6. Apparatus for controlling the air intake of an internal combustion engine having an intake passage and a throttle valve disposed in the intake passage comprising:

an air bypass passage which interconnects the intake passage at a position located upstream of the throttle valve with the intake passage at a position located downstream of the throttle valve;

means for generating a rotational speed signal related to the actual rotational speed of the engine;

means for detecting whether the engine is in the starting condition or not, to produce a starting condition signal;

controlling means for (1) determining the difference between an actual rotational speed of the engine indicated by said rotational speed signal and a desired idling rotational speed, (2) generating a control output signal from said difference, and (3) in response to the starting condition signal, when the engine is in the starting condition, generating a modified control output signal by adding an increment value to a predetermined fixed base value which corresponds to an optimum control output signal value in the stable idling condition; and means for adjusting, in response to the control output signal when the engine is not in starting condition and in response to the modified control output signal calculated during the starting condition, the sectional area of the air bypass passage to control the flow rate of air drawn through the air bypass passage.

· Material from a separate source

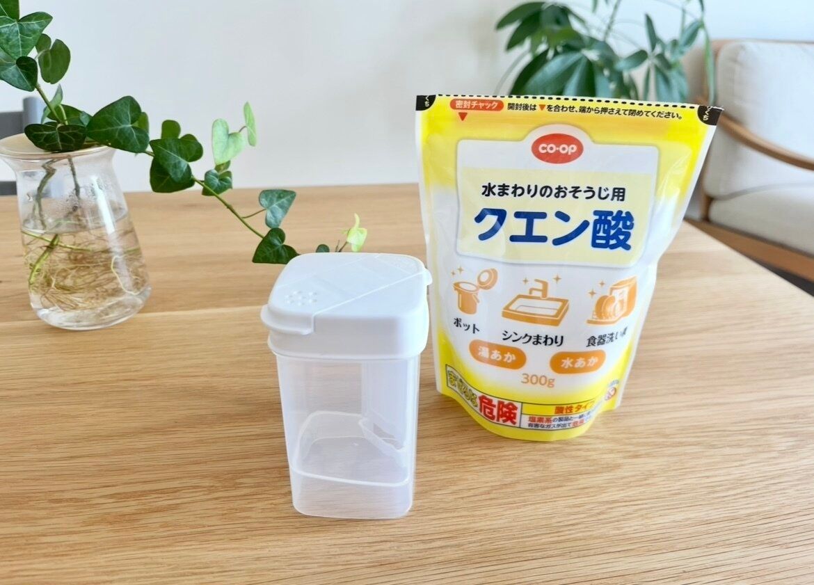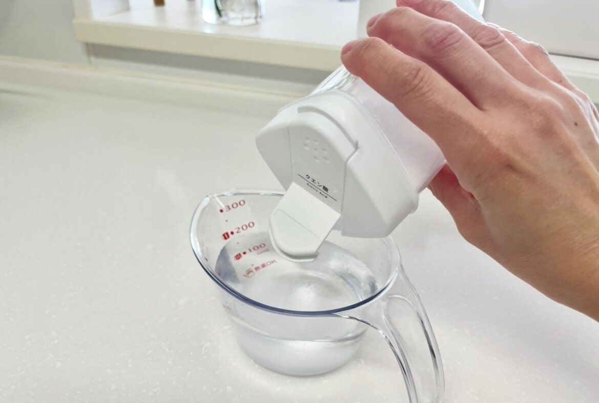 実際に、クエン酸をボトルで計量してクエン酸水を作ってみました。蓋を開けて必要な分だけ振り掛けるだけなので、本当に超簡単!今まで計量スプーンを使っていましたが、そんな手間もいらないし、片手でワンアクションで計量できちゃいますよ。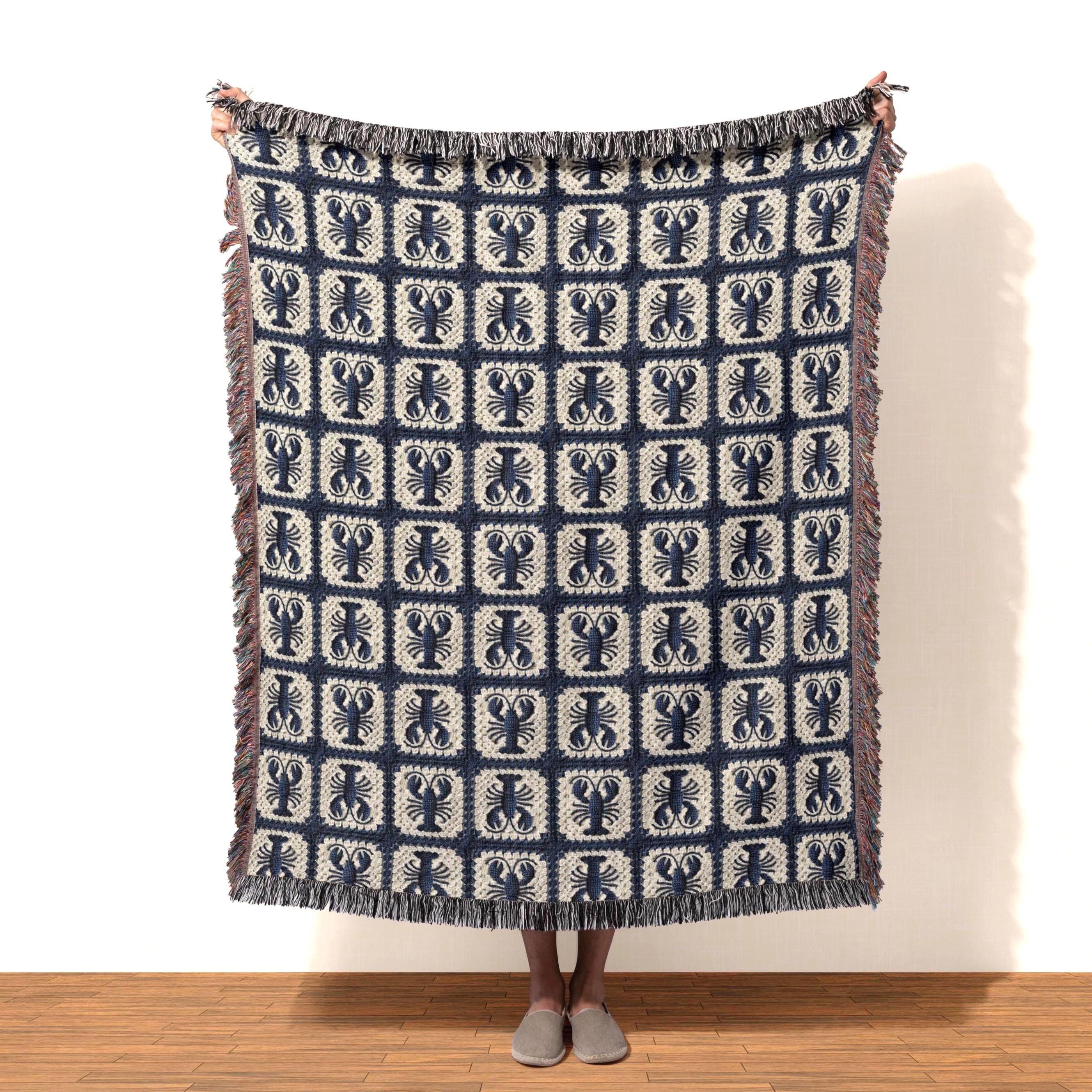 Perfect for the crochet lover who wants instant gratification - no waiting months for a custom piece! blanket features an adorable blue lobster motif within each granny square, creating a charming coastal pattern that's both whimsical and sophisticated.

7. Apparatus for controlling the air intake of an internal combustion engine having an intake passage and a throttle valve disposed in the intake passage comprising:

an air bypass passing which interconnects the intake passage at a position located upstream of the throttle valve with the intake passage at a position located downstream of the throttle valve;

means for generating a rotational speed signal related to the actual rotational speed of the engine;

means for detecting whether the engine is in the starting condition or not, to produce a starting condition signal;

means for detecting when said engine is idling stabily;

a memory which retains the stored information even when the power switch to the engine is turned of;

controlling means for (1) determining the difference between an actual rotational speed of the engine indicated by said rotational speed signal and a desired idling rotational speed, (2) generating a control output signal from said difference, (3) determining an optimum control output signal value in the stable idling condition depending upon said difference, (4) storing the optimum control output signal value in said memory, said stored signal value being used as a base value, and (5) in response to the starting condition signal, when the engine is in the starting condition, generating a modified control output signal by adding an increment value to said base value; and

means for adjusting, in response to the control output signal when the engine is not in starting condition and in response to the modified control output signal calculated during the starting condition, the sectional area of the air bypass passage to control the flow rate of air drawn through the air bypass passage.

8. Apparatus as in claim 7, wherein when performing the function of determining an optimum control output signal value, said controlling means determines an average value of the calculated control output signal value depending upon the difference and the stored signal value which corresponds to the previously calculated optimum control output signal value.

9. Apparatus as in claim 7 or 8, wherein said controlling means performs said storing function only when the engine is fully warmed up.

10. Apparatus as in claim 6 or 7, wherein:

said apparatus further comprises means for detecting the coolant temperature of the engine; and

said controlling means determines said increment value in accordance with said detected temperature.